The first recorded tenant was Doctor James Barlow, a prominent surgeon, who was among the first to undertake a successful caesarian operation. He left Bank House in 1826 and a William Eccles was the next tenant. He was a solicitor who, with his practice and share in his father's business, was able to buy land at Nova Scotia and build five six storey spinning mills, extensive weaving sheds with associated housing. William left Bank House in 1839 and by 1852 had been elected as an M.P. for Blackburn. He was later unseated on a charge of bribing the electors.

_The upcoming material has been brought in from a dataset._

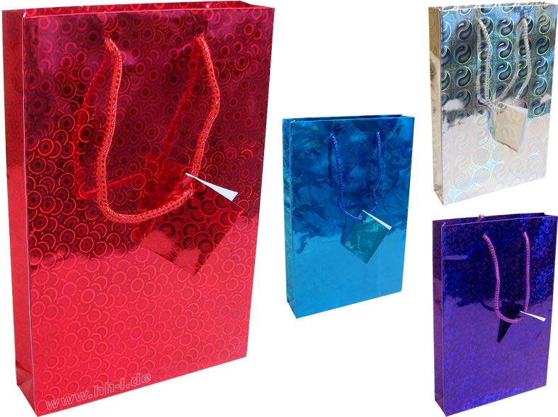 Geschenkbeutel CD/DVD (150x35x229 mm), Holographie, 4 Farben sortiert, auch für Bücher geeignet

A tenant of the Whiteheads then was John Smith who leased Wagtail Quarry, across Duke's Brow near to the Quarryman's Public House. He eventually became the agent of the Whiteheads and following the death of Sir Thomas ran the estate for Lady Whitehead. In 1858 she contributed three acres, formerly stone quarries, to the land purchased by the borough for the creation of Corporation Park. In 1848 Bank House was taken by Lettice, the widow of James Briggs, and of her eleven children was joined by five of her daughters.

Bank House was vacant in 1860 and John Smith took it over himself. He was now a councillor for St. Paul's ward, had become an Alderman and also was the Mayor of Blackburn in 1867. Lady Whitehead died in 1869 and her spendthrift son asked John Smith to sell what remained of the family property. Smith had the first option to buy and did so, but as the properties were deeply mortgaged and poorly laid, despite controlling some of the most desirable land in the district Smith became bankrupt and insolvent. Bank House was then sold.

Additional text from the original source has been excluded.